Ticket #113 (new enhancement)
Optimization of ffmpeg h264 decoder
| Reported by: | astrange | Owned by: | astrange |
|---|---|---|---|
| Priority: | normal | Milestone: | Sometime after 1.0 |
| Component: | ffmpeg | Version: | |
| Severity: | normal | Keywords: | |
| Cc: |
Description (last modified by astrange) (diff)
The H.264 decoder is impressively fast, but not enough.
Possible improvements, based on profiling I did on x86:
Cache misses happen too often:
* rewrite very large functions (fill_caches, decode_mb_cabac) to be smaller; interlacing/other oddities can be slightly penalized if necessary as in hl_decode_mb.

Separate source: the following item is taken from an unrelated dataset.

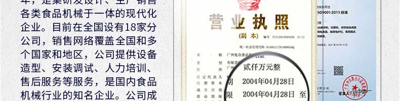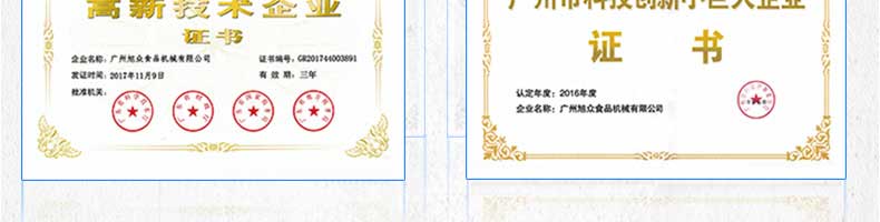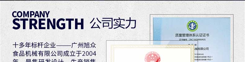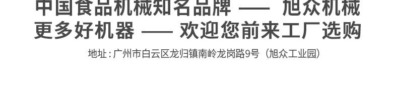 廣州旭眾食品機(jī)械有限公司是一家集科研開發(fā),生產(chǎn)設(shè)計(jì),營銷服務(wù)為一體的現(xiàn)代化生產(chǎn)企業(yè)?,F(xiàn)代化生產(chǎn)車間,精湛制造技術(shù),所產(chǎn)機(jī)械歷經(jīng)市場重重考驗(yàn),不斷贏得海內(nèi)外客戶的贊譽(yù)。

* improve cache hints; hl_motion and hl_decode_mb use some, but they use the same ones which might be wrong in both cases. x86 has no hints for store, but maybe non-temporal could be used.
* the decoding context is over 200KB!
* lots of really complex struct accesses, ex:
"h->non_zero_count_cache[3+8*1 + 2*8*i]= h->non_zero_count[left_xy[i]][left_block[0+2*i]];"
Branch misprediction:
* happens often in the CABAC/arithmetic decoder, which is naturally unpredictable. Rewrite more of it to be branchless?
PPC is missing some assembly optimizations that x86 has (cabac, altivec), but no idea if they're needed. I don't have a recent profile on one.